(Stored items)
· · · · · · ·
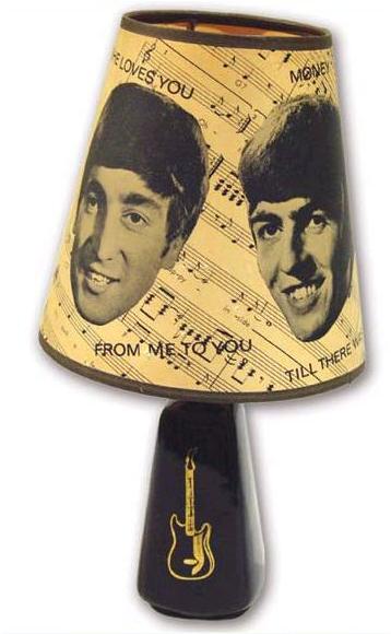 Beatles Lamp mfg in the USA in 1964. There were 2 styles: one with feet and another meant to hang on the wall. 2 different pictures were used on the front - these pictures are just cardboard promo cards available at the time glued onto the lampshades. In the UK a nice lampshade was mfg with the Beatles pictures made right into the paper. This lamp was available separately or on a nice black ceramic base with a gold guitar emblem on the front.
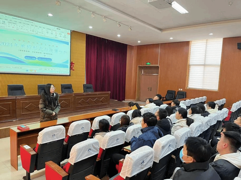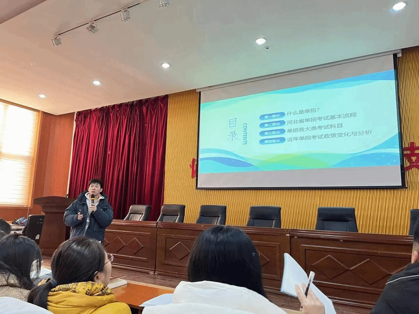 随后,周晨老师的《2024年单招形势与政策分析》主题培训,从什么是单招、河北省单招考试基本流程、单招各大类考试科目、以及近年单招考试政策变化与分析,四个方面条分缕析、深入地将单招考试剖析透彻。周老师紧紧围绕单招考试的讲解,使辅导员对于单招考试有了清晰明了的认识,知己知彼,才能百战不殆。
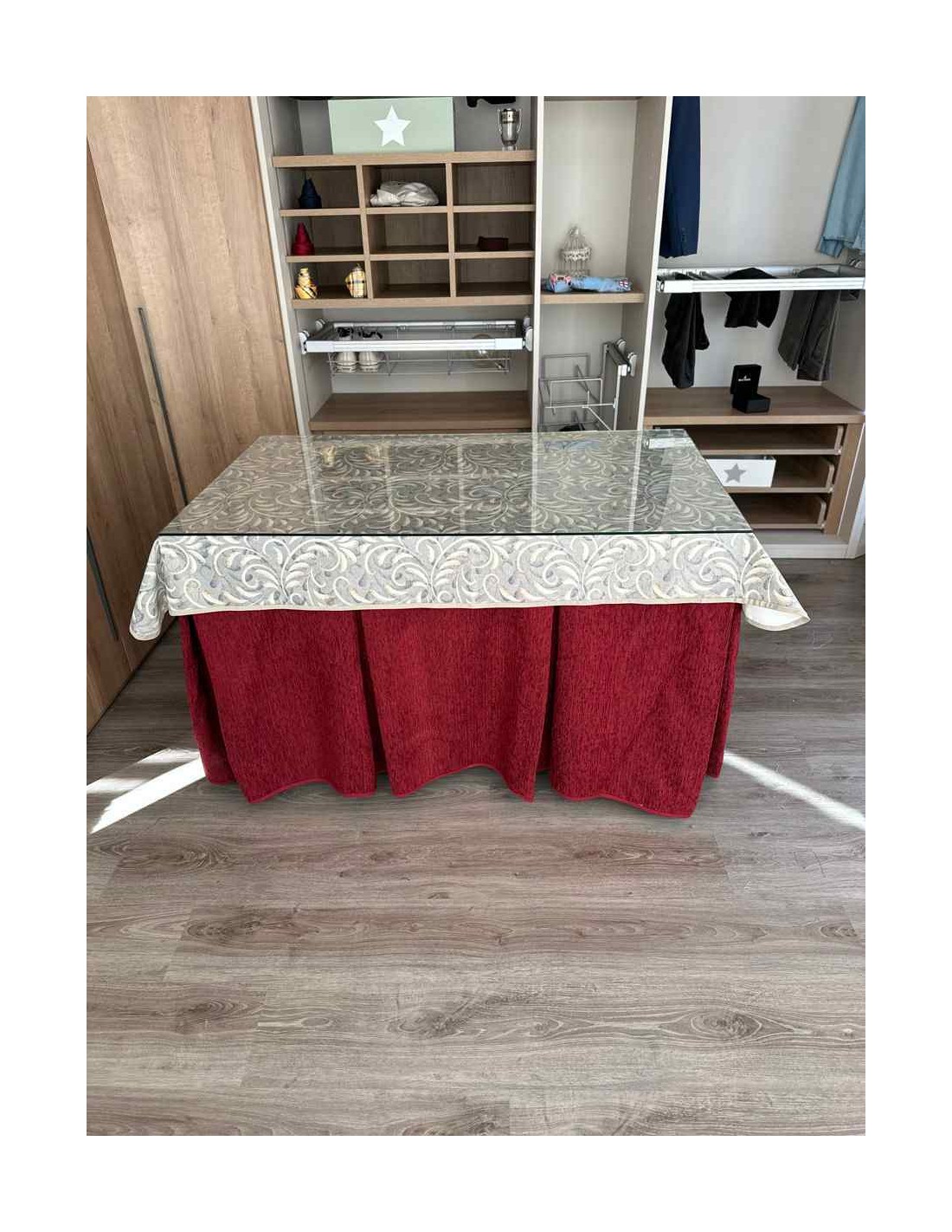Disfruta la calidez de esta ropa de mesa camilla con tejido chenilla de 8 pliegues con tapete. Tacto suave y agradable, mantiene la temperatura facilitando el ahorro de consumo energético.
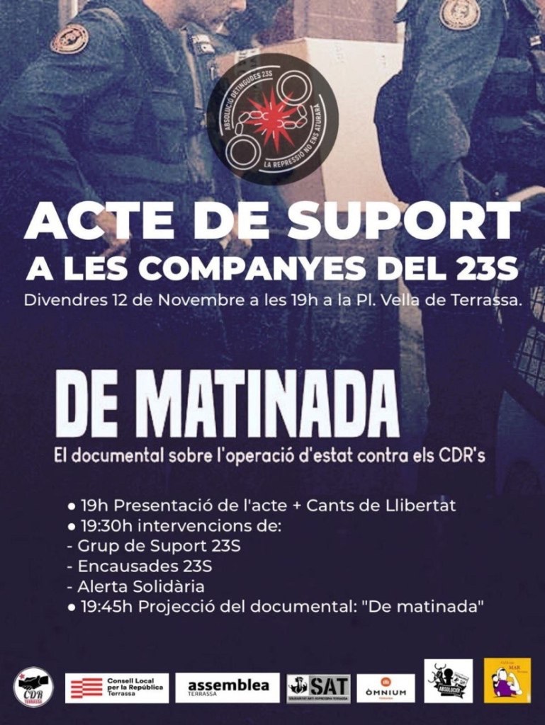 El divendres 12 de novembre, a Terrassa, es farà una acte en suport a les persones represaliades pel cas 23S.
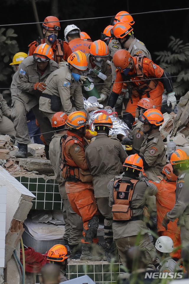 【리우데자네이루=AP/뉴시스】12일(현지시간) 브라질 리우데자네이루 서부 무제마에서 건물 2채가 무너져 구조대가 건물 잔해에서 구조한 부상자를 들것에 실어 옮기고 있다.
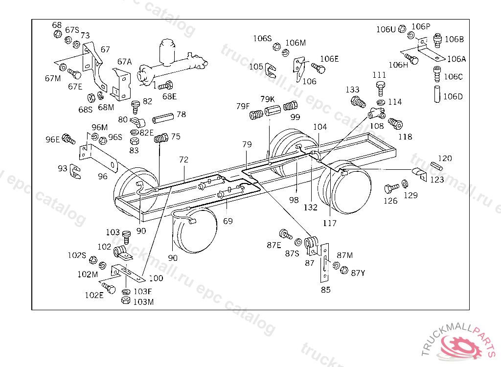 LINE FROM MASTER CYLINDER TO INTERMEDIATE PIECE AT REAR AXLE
· · · · · · ·
◆ **Task description**:
Leave out the pictures and retype every line above exactly.

◆ **Exercise response**:
 Beatles Lamp mfg in the USA in 1964. There were 2 styles: one with feet and another meant to hang on the wall. 2 different pictures were used on the front - these pictures are just cardboard promo cards available at the time glued onto the lampshades. In the UK a nice lampshade was mfg with the Beatles pictures made right into the paper. This lamp was available separately or on a nice black ceramic base with a gold guitar emblem on the front.
 随后,周晨老师的《2024年单招形势与政策分析》主题培训,从什么是单招、河北省单招考试基本流程、单招各大类考试科目、以及近年单招考试政策变化与分析,四个方面条分缕析、深入地将单招考试剖析透彻。周老师紧紧围绕单招考试的讲解,使辅导员对于单招考试有了清晰明了的认识,知己知彼,才能百战不殆。
Disfruta la calidez de esta ropa de mesa camilla con tejido chenilla de 8 pliegues con tapete. Tacto suave y agradable, mantiene la temperatura facilitando el ahorro de consumo energético.
 El divendres 12 de novembre, a Terrassa, es farà una acte en suport a les persones represaliades pel cas 23S.
 【리우데자네이루=AP/뉴시스】12일(현지시간) 브라질 리우데자네이루 서부 무제마에서 건물 2채가 무너져 구조대가 건물 잔해에서 구조한 부상자를 들것에 실어 옮기고 있다.
 LINE FROM MASTER CYLINDER TO INTERMEDIATE PIECE AT REAR AXLE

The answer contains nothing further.